By banning the SAN, says Pandey, Nutanix can simplify the rollout of compute clouds at large enterprises that are familiar with complexity and high cost, and therefore have been happy – however begrudgingly – to invest in SANs. In addition, it can make cloudy infrastructure more affordable for small and medium businesses that want high-end virtualization features that used to require SANs.
Nutanix was founded in 2009 by file-system experts from Google and cluster experts from Oracle. Pandey managed the early incarnations of the Exadata product and also created the storage engine for Oracle's database. More recently, he was vice president of engineering at Aster Data Systems, which was acquired  by Teradata in March of this year for $263m so the data warehouser could get its mitts on the company's nCluster hybrid row-column database and SQL-MapReduce big-data chewer.

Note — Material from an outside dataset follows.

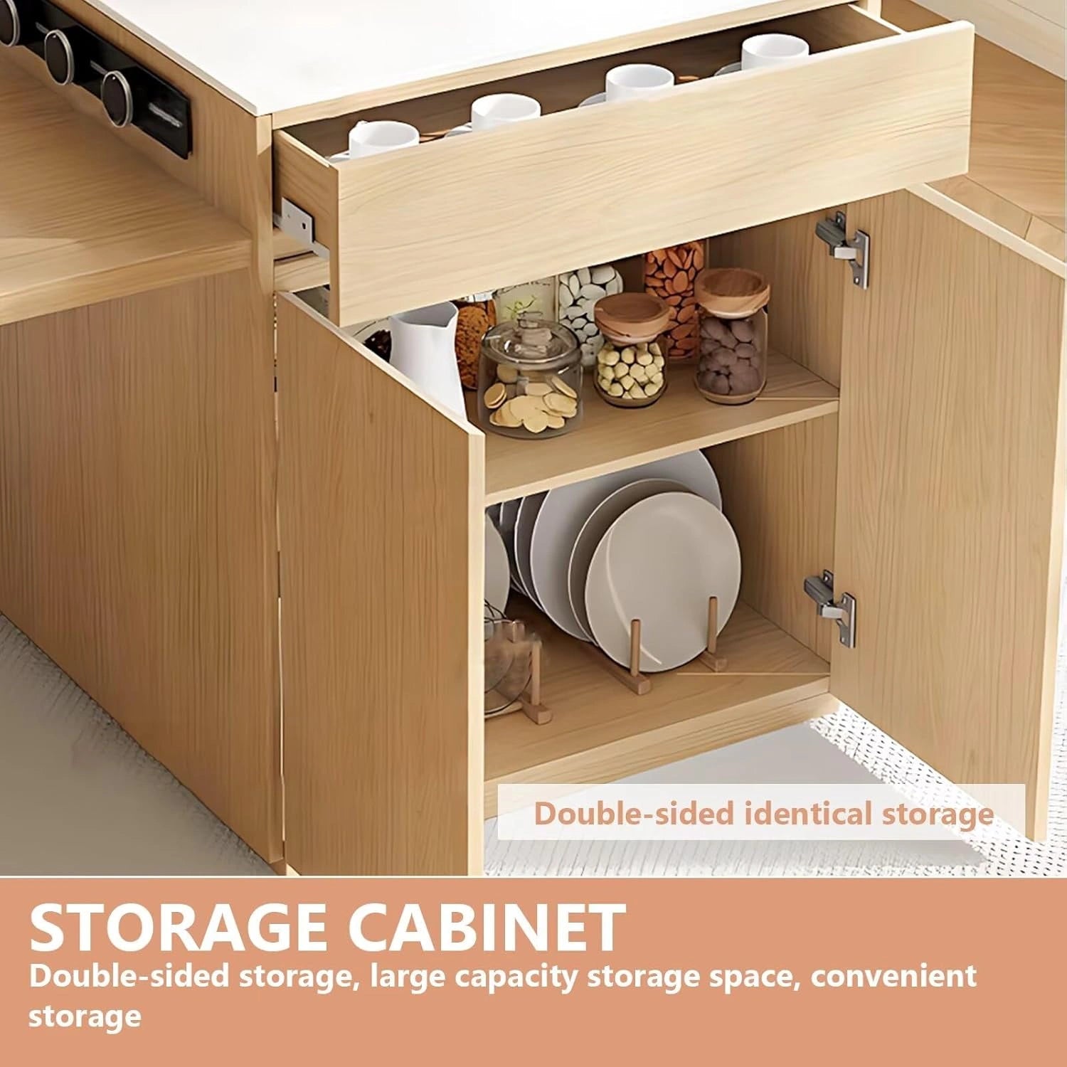 Retractable Dining Table: This product features an all-in-one design of island and dining table. The table size can be flexibly adjusted according to the number of diners, allowing you to easily handle daily meals and parties without any trouble.

Nutanix cofounder Mohit Aron also hails from Aster Data – he was the chief architect at the firm and did a lot of the work on nCluster. Prior to his stint at Aster, he was at Google, leading the design and development of the Google File System, the original incarnation of Google's distributed file system that supported its MapReduce big-data crunching techniques.
Pandey and Aron were joined by Ajeet Singh as the third cofounder and the company's chief products officer. Also from Aster Data, where he was director of product management, Singh had previously been part of Oracle's early cloud computing efforts. The three cofounders got their seed funding from private investors in May 2010, and pulled in $13.2m in Series A funding in April 2011 from Lightspeed Venture Partners and Blumberg Capital.

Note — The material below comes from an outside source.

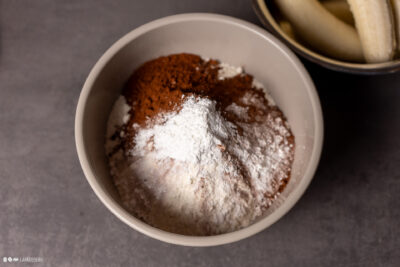 - 330 g Weizenmehl Type 405 | 20 g Kakaopulver | 9 g BackpulverBackofen auf 180°C Umluft vorheizen.Weizenmehl, Kakaopulver und geschrotete Leinsamen in einer Schüssel gründlich vermischen.
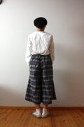 ウエストゴムギャザーでも広がりすぎない落ち着いたチェックカラーの大人のロングフレアーパンツです。

How to fool an unsuspecting server
The Nutanix Complete Cluster  begins with the basic building block in today's data center: a two-socket x64 server. Nutanix currently sources two-socket tray servers from Dell and Super Micro, which cram four nodes into a 2U rack-mounted chassis – they plan to source machines from HP once it delivers on-board 10 Gigabit Ethernet ports.
Pandey says that it only supports its software stack on select hardware configurations because Nutanix has to do a lot of tuning on the server, flash storage, and disk storage that goes into its appliances – customers can't just run the Nutanix stack on whatever servers they have lying around their data center.
Each server node in the cluster is configured with two six-core Xeon 5600 processors, with eight cores allocated to run hypervisors and virtual machines, and four cores allocated to run the Nutanix virtual storage controller, called Scale-Out Converged Storage – SOCS for short. This controller virtualizes a pool of Intel and Fusion-io solid state disks and Seagate SATA drives, and presents virtual machines with block and file I/O access to data spread across these disks inside the cluster.
"The architecture is hypervisor agnostic," explains Pandey, with VMware's ESXi 4.1 hypervisor being the first one to get support on the cloud appliance. "ESX thinks it is talking to SAN storage and it is not."
The Nutanix Complete Cluster can fool multiple servers into thinking they're connected to a SAN
The storage cluster implemented by SOCS on the compute nodes uses 10GE ports to link the nodes to each other, and has Gigabit Ethernet links to provide access to VMs and their workloads. The 10GE link is necessary to make use of ESXi hypervisor features such as live migration, high availability, fault tolerance, and distributed resource management, which create a lot of chatter on the network. On a SAN, can you just flip some pointers to make a VM's file point to a different physical server during a live migration, but on a Nutanix appliance, you need to move data.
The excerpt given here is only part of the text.